Lorena Wiebes repeats one word when asked about 2019 – “crazy”.
Whether it’s beating Marianne Vos to become Dutch national champion at the tender age of 20, or amassing 19 wins, her rise to the very top of women’s cycling has been nothing short of sensational this season. Eight of those 19 wins were in World Tour races, with a further three podiums to add, in high profile races such as Ride London, Gent Wevelgem (second), the Boels Ladies Tour and Tour of Chongming Island.
And Wiebes readily admits her sprinting prowess came as a shock, even to her: “I am really grateful with how the year went and so grateful for my teammates who helped me as much as possible. From 2018 to 2019, I wanted to make a step up, but this? This was a big step! It’s crazy and I really didn’t expect it.
“Nationals was my best win – the whole team were on the start line and they did everything to help me win, it was a team effort. The European Games were also special.”
In both victories, Wiebes beat Vos – one of the best riders in history – who was back to her very best in 2019 with 19 wins and the World Tour title.
“I have always looked up to her,” Wiebes continued. “She is the biggest woman in cycling, even still now. In the moment at Nationals, I didn’t realise what I had achieved. You are so focused on winning the race and to finish the teamwork off. Then it hits you.”
At World Tour level, Wiebes claimed a clean sweep of three stage wins and the overall title at the Tour of Chongming Island, as well as victories in Ride London, two stages of the Boels Ladies Tour and one stage in the Ladies Tour of Norway. And she has more races on her hit list for next season too.
She explained: “I want to win more World Tour races but also be better in races like Amstel Gold. That’s a long-term goal – to be better at more punchy races. Gent Wevelgem, Drieedaagse de Panne and Omloop het Nieuwsblad are targets next year. But the biggest goal of all is to be the best sprinter in the world.”
But before we get in to all that, the off-season stretches in front of us and Wiebes could be forgiven for sitting back and basking in glory at the end of a stellar 2019. And after a holiday to Aruba with friends, sunbathing and island-hopping, she was suitably relaxed. But since it has been hectic and we aren’t just talking about her kickboxing lessons, national cyclocross races and high intensity training.
She is also dealing with the realities of the sport of cycling and life as a professional rider. Wiebes signed a three-year deal with Parkhotel Valkenburg in 2018, after one season with the team now ranked seventh in the world.
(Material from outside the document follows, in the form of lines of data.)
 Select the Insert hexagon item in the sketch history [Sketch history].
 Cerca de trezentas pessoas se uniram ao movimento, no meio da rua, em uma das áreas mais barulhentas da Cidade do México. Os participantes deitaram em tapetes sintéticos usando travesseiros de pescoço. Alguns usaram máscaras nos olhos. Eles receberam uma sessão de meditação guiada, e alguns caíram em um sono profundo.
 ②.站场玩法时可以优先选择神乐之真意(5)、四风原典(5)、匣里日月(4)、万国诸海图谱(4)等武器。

Her contract is due to end in 2020, but she is currently in negotiations to break free to join another team. She is in high demand – and rightly so. Five World Tour outfits are currently showing interest – with CCC Liv, Trek Segafredo and Team Sunweb already named in the media – as her stock has well and truly risen.
“I want to make a step on to a higher, more professional team,” she explained. “I signed with Parkhotel two seasons ago, and have grown a lot as a rider in that time. And Parkhotel have done a really good job to help me grow too. But now I think I need another step. But it’s very complicated and the negotiations are hard. I hope to get it sorted soon but at the moment, I don’t know which team I will be riding within 2020.
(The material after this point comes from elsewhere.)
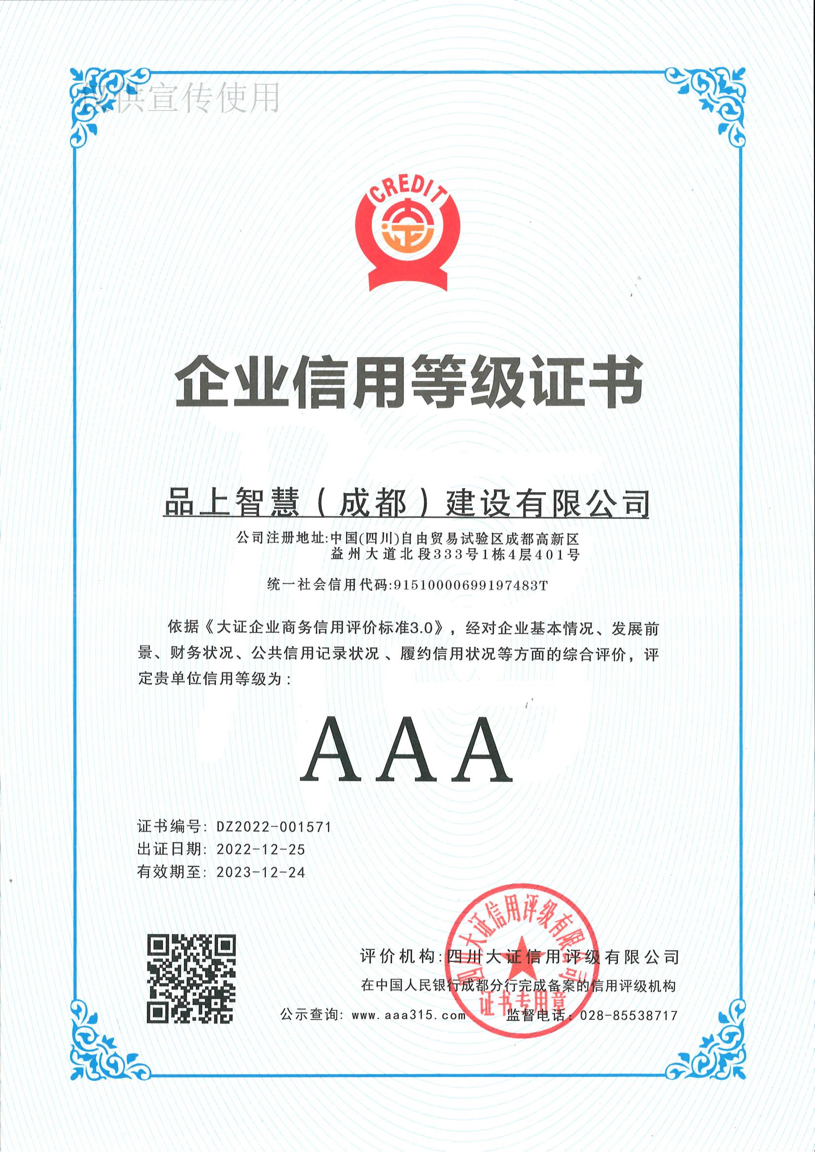 企业信息等级证书

“It’s really difficult to make this decision and I have been thinking about it a lot. They are such a nice group of girls too. Kickboxing is a good way to smash all of that stress out of your head!” She laughed.
To add to a complicated contract situation, in which she does not want to sour relations with her current team, it was announced on 26th November her teammate and friend Sofie de Vuyst has been suspended after a positive out-of-competition doping test on 18th September, pending the result of the B sample. De Vuyst maintains her innocence.
The news pains Wiebes, who said: “I didn’t know the situation and it’s a big surprise. I still believe in her and we are waiting for other results. I just don’t think she is a person who would do this, it is really confusing. She was really important for me this season, in the finale of races, and a really lovely person. I don’t believe it. I sent her a message when the news broke, it is really hard for her. I didn’t know what I should do, when I got news like that. I hope the other test is negative.”
The world of doping and contracts is a far cry from how Wiebes started out in this sport, in the cycling-mad Netherlands, who are truly the powerhouse nation in women’s cycling. She began riding on her BMX at just eight years old, doing cyclocross on Sunday mornings, alongside acrobatic gymnastics and football. Before long, gym was replaced by football, and eventually football replaced by cycling, inspired in part by her brother, who plays football, and her father, who once did triathlons and knew his way around a bike.
Wiebes admits at first she was not the biggest fan of road cycling: “I started racing cyclocross nationally at 13 years old, and started riding on the road too but honestly I didn’t like it and much preferred cyclocross! But at under-17 level I became more competitive on the road and by the age of 16 I realised I had a good sprint and wanted to be a national champion that year. It didn’t work out.
“But at 17, I won. I was Dutch junior national champion and also won the Junior Healthy Ageing Tour a year later too. I knew then a professional career was coming. Team Sunweb were interested, and so were Parkhotel, and I signed with them.”
It is a “crazy” story, with much still to be written. And you have the feeling there is plenty more to come for the young sprinting sensation whatever colours she is racing in next season.